Extracted records
---------------
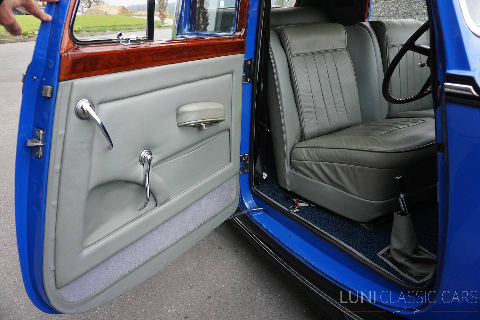 Der Innenraum ist grau gehalten und harmoniert durch seine Zurückhaltung perfekt mit den vielen Holzapplikationen. Gerade bei Bentley ist Holz nicht Dekoration, sondern Teil des Gesamteindrucks: Oberfläche, Haptik und Atmosphäre sind hier genauso wichtig wie Technik. Und technisch überzeugt dieses Exemplar ebenfalls: Der Motor wurde revidiert und läuft hervorragend, ebenso das Schaltgetriebe. Genau so, wie man es sich von einer älteren britischen Reiselimousine wünscht.
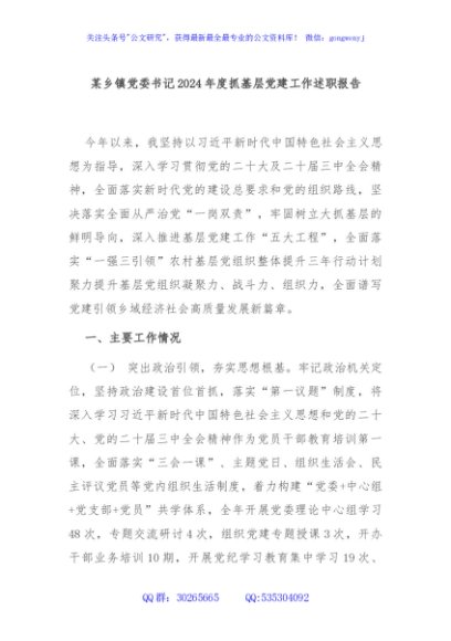 / 某乡镇党委书记2024年度抓基层党建工作述职报告
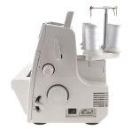 Nasz overlock 5-nitkowy posiada teleskopowy prowadnik nici oraz czytelną instrukcję nawlekania pod pokrywą osłaniającą. W szufladce na akcesoria znajduje się między innymi pęseta, która znacznie ułatwia proces nawlekania nici. Overlock 820D5 wyposażony jest również w pojemnik na ścinki materiału oraz osłonę chroniącą przed kurzem i brudem. W sprzedaży dostępne są specjalistyczne stopki zatrzaskowe do tego modelu.
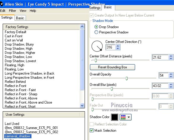 19. Effetti>Plugins>Alien skin Eye Candy 5 Impact - Perspective Shadow.
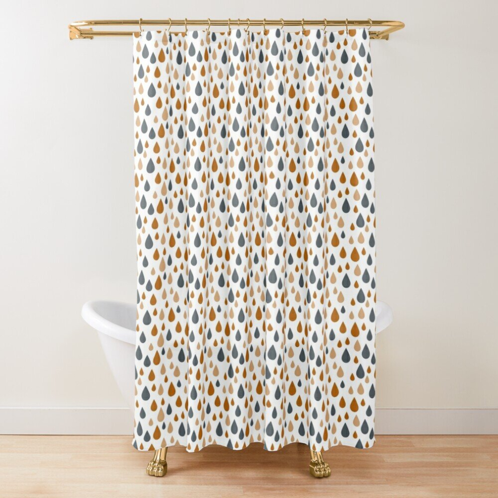 Shower Curtains Burnt Orange and Dark Blue Rain Drop Pattern for Bathroom Decor 72x72 inches
---------------
Work item
Return the data exactly. Pictures stay out.

Output of the task
 Der Innenraum ist grau gehalten und harmoniert durch seine Zurückhaltung perfekt mit den vielen Holzapplikationen. Gerade bei Bentley ist Holz nicht Dekoration, sondern Teil des Gesamteindrucks: Oberfläche, Haptik und Atmosphäre sind hier genauso wichtig wie Technik. Und technisch überzeugt dieses Exemplar ebenfalls: Der Motor wurde revidiert und läuft hervorragend, ebenso das Schaltgetriebe. Genau so, wie man es sich von einer älteren britischen Reiselimousine wünscht.
 / 某乡镇党委书记2024年度抓基层党建工作述职报告
 Nasz overlock 5-nitkowy posiada teleskopowy prowadnik nici oraz czytelną instrukcję nawlekania pod pokrywą osłaniającą. W szufladce na akcesoria znajduje się między innymi pęseta, która znacznie ułatwia proces nawlekania nici. Overlock 820D5 wyposażony jest również w pojemnik na ścinki materiału oraz osłonę chroniącą przed kurzem i brudem. W sprzedaży dostępne są specjalistyczne stopki zatrzaskowe do tego modelu.
 19. Effetti>Plugins>Alien skin Eye Candy 5 Impact - Perspective Shadow.
 Shower Curtains Burnt Orange and Dark Blue Rain Drop Pattern for Bathroom Decor 72x72 inches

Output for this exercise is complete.